Old Cottage by the Pool, 1917

J. J. Hilder (23 July 1881 – 10 April 1916), also known as Jesse Jewhurst Hilder, was an Australian watercolourist.

==Early life==
Hilder was born in Toowoomba, Queensland, Australia, the fourth son and eighth child of Henry Hilder, an engineer originally from Sussex. Hilder attended Toowoomba North State School until 1890 when his family moved to Brisbane where he continued his education at Fortitude Valley State School. Hilder spent three years at the Brisbane Grammar School, having won a scholarship at age 13, and passed the junior public examination in 1897.
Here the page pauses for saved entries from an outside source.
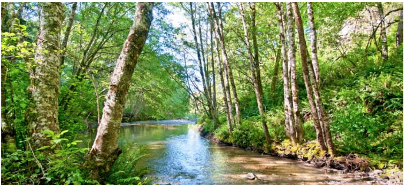
Historically, coho salmon made their way through Russian Gulch on the Jenner Headlands — and may do so again.

Once the plan is finished, title to the Jenner Headlands will be transferred to The Wildlands Conservancy with the intent of ongoing management collaboration. In the meanwhile, the public is enjoying unprecedented opportunities to experience the Jenner Headlands through guided hikes led by the Sonoma Land Trust, The Wildlands Conservancy and our other partners — the Sonoma County Agricultural Preservation and Open Space District, Stewards of the Coast and Redwoods, Coastwalk, California Native Plant Society and LandPaths.
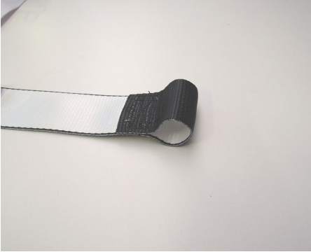
Alternative attachment on crotch strap
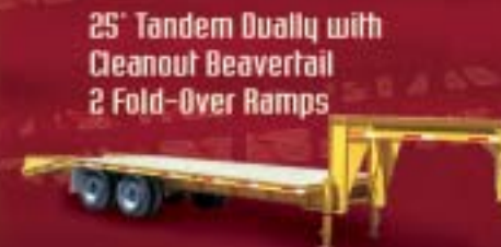
25' Tandem Dually with Cleanout Beaver tail 2 Fold-Over Ramps
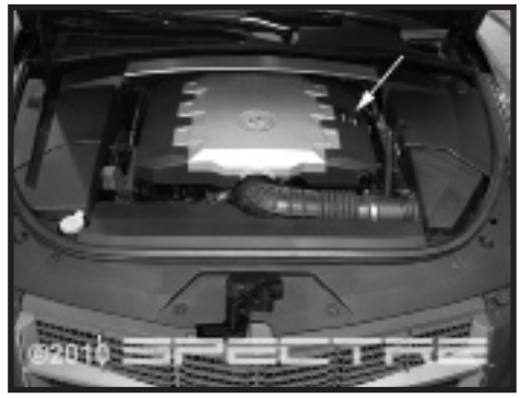
Step 2 Remove the oil fill cap then lift and remove the engine cover as well the driver side inner fender cover. Reinstall the oil fill cap once the cover has been removed.

Safety first! Before you begin the installation, make sure that the vehicle is in park (or neutral for a manual transmission) with the parking brake set. Disconnect the negative battery terminal and verify that all components that are listed are present. Note: This kit was designed and tested on a stock engine without any custom tuning done to the engine computer. Removing the battery cable may erase the programmed radio stations. The anti-theft code will need to be entered into some radios after the battery cable is connected. The anti-theft code can typically be found in the owner's manual or at your local dealership.

In 1898 Hilder joined the Brisbane branch of the Bank of New South Wales.

Suffering increasing ill-health, Hilder moved on a number of occasions. He was diagnosed with tuberculosis.

==Career==
Increasingly focused on his artwork, Hilder began to find more patronage and sales, and exhibited in Melbourne in 1914. Despite continued ill-health he painted throughout the remaining two years of his life, dying on 10 April 1916, at Hornsby, New South Wales, Australia. His elder son was sculptor Bim Hilder. His younger son was artist and author Brett Hilder, although Brett is better known as a Master Mariner.

==Publications==
- J. J. (Jesse Jewhurst) Hilder, J.J. Hilder: water-colourist (Sydney: Tyrrells, 1916)
- Sydney Ure Smith and Bertram Stevens (eds.), The art of J.J. Hilder (Sydney: Angus & Robertson, 1918)
- J. J. (Jesse Jewhurst) Hilder, Jesse Jewhurst Hilder: anniversary exhibition, 1966 (Brisbane: Queensland Art Gallery, 1960)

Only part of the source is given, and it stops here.